Ein Hauptgrund für Fehlentscheidungen ist die Vernachlässigung (oder Unterdrückung) von abweichenden Meinungen, obwohl diese korrekt sind(Stürmer 2012).

Aber wie kann man dem Gruppendenken entgegen wirken. Auch hier gibt es einige konsensual geteilte Empfehlungen. Hilfreich könnten u.a. folgende Maßnahmen sein:

  • die Führungsperson sollte bei der Entscheidungsfindung keine direktive Rolle einnehmen, dass heißt kein von oben herab diktiertes Handeln sondern tatsächlich gemeinsame Entscheidungsfindung,
  • sie sollte die Diskussion so strukturieren, dass alle relevanten Informationen, die einzelnen Mitgliedern vorliegen, mit der Gruppe geteilt werden,
  • sie sollte zur Diskussion von abweichenden Positionen ermutigen,
  • sie sollte die Meinung externer Experten zum Thema einholen und
  • Abstimmungen über die endgültige Entscheidung sollten, wenn möglich immer, geheim statt öffentlich stattfinden.
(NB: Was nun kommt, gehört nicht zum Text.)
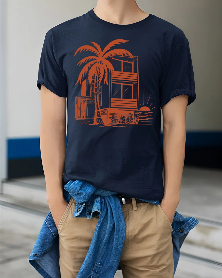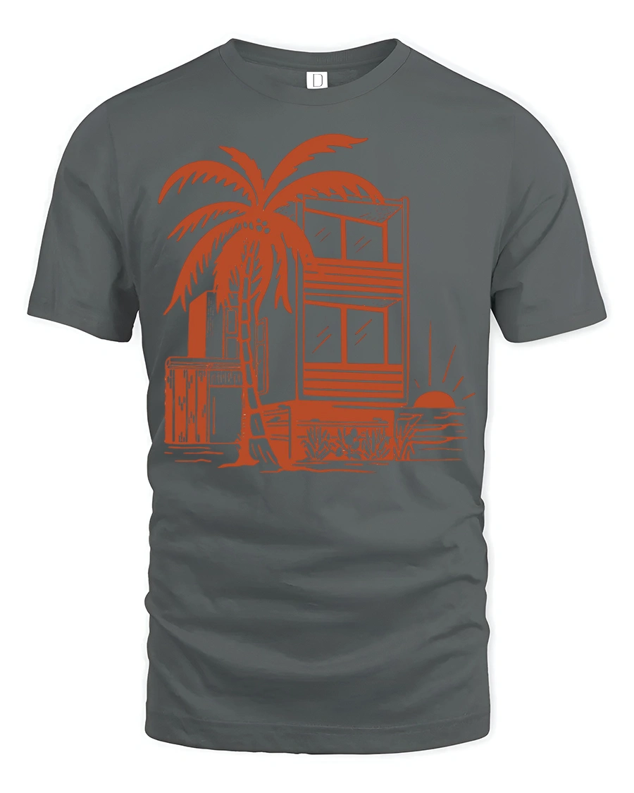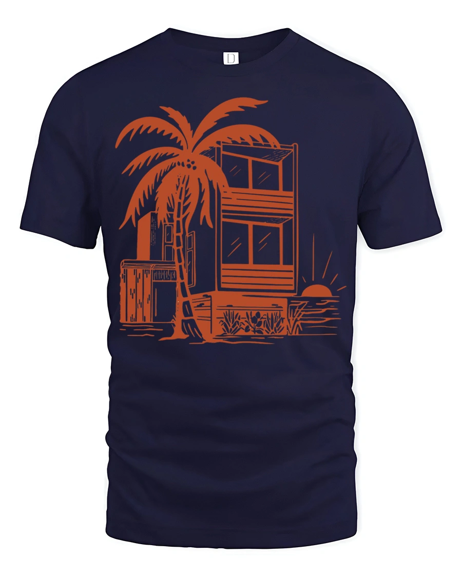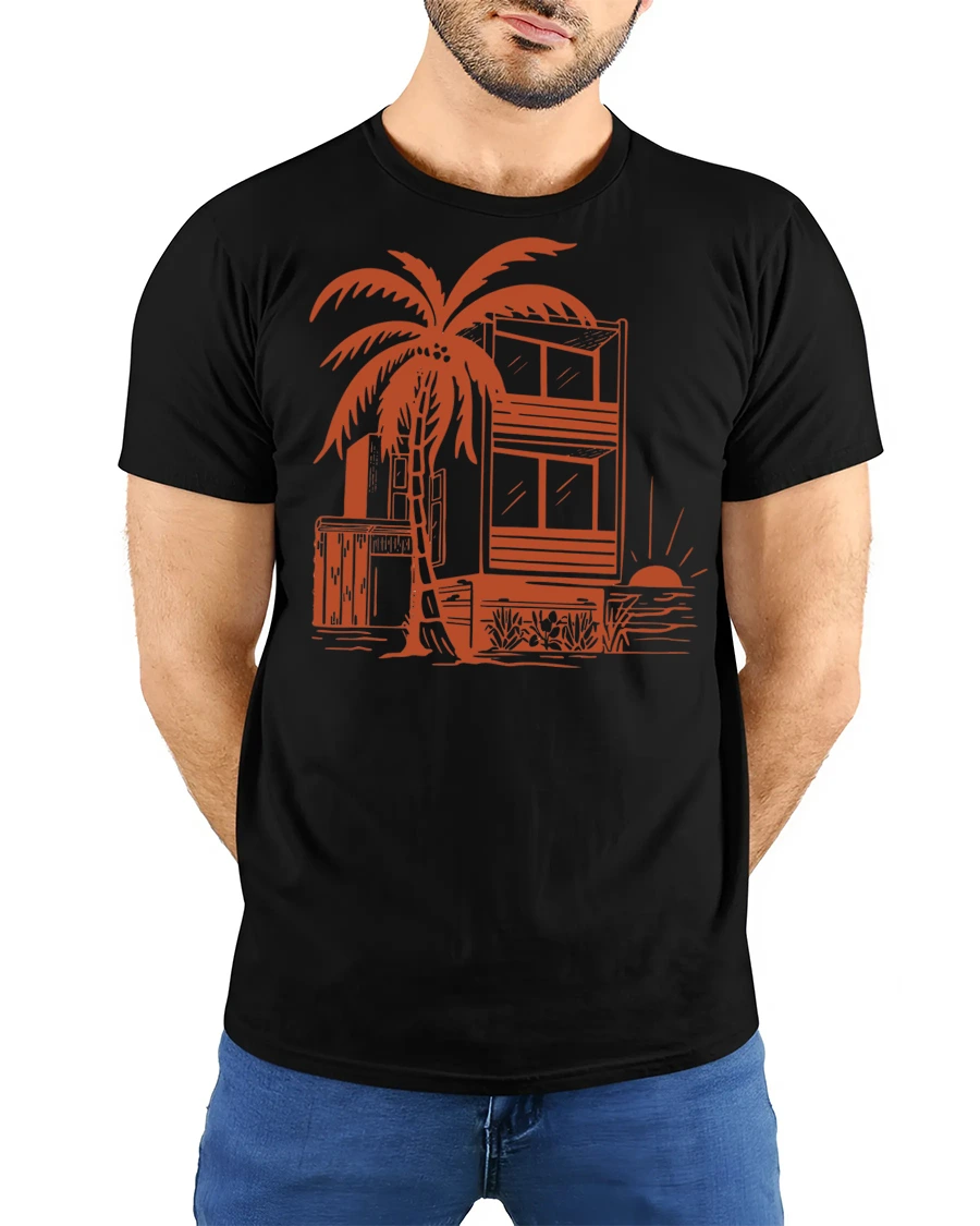 Tropical Beach House Sunset Palm Tree Vacation Graphic Tee Tshirt captures the calm beauty of a seaside escape with a stylish artistic touch.
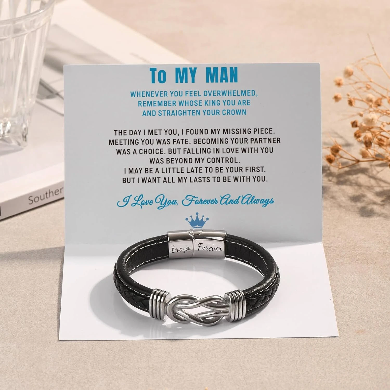 Coolvy Husband Gifts From Wife, To My Man I Love You Forever And Always Bracelet, Mens Braided Leather Bracelets, Boyfriend Anniversary Birthday Christmas Fathers Gifts For Men

Es sind sicher viel mehr Maßnahmen möglich die zu besseren Entscheidungen führen und ich bin sicher in jedem Betrieb, jeder Gruppe oder jedem Verein kann man nach reiflicher Überlegung eigene Ideen diesbezüglich umsetzten. Eines ist dabei stets im Auge zu behalten: Minoritätsmeinungen haben seit tausenden von Jahren zur Innovation und Fortschritt geführt und sollten nicht mit einem “Wisch” als unwichtig oder gar unsinnig abgelehnt werden sondern stets im Einzelfall abgewogen werden. Schließlich glaubte man vor nicht all zu langer Zeit, dass die Sonne sich um die Erde dreht und erklärte Galileo Galilei für einen Spinner. Manchmal passen abweichende Meinungen nicht zu unserem Weltbild. Dadurch neigen wir möglicherweise dazu, diesen nicht die nötige Beachtung zu schenken. Denken Sie darüber nach, behalten Sie bei was sich lohnt zu behalten und ändern Sie was geändert werden muss. Ich werde es tun!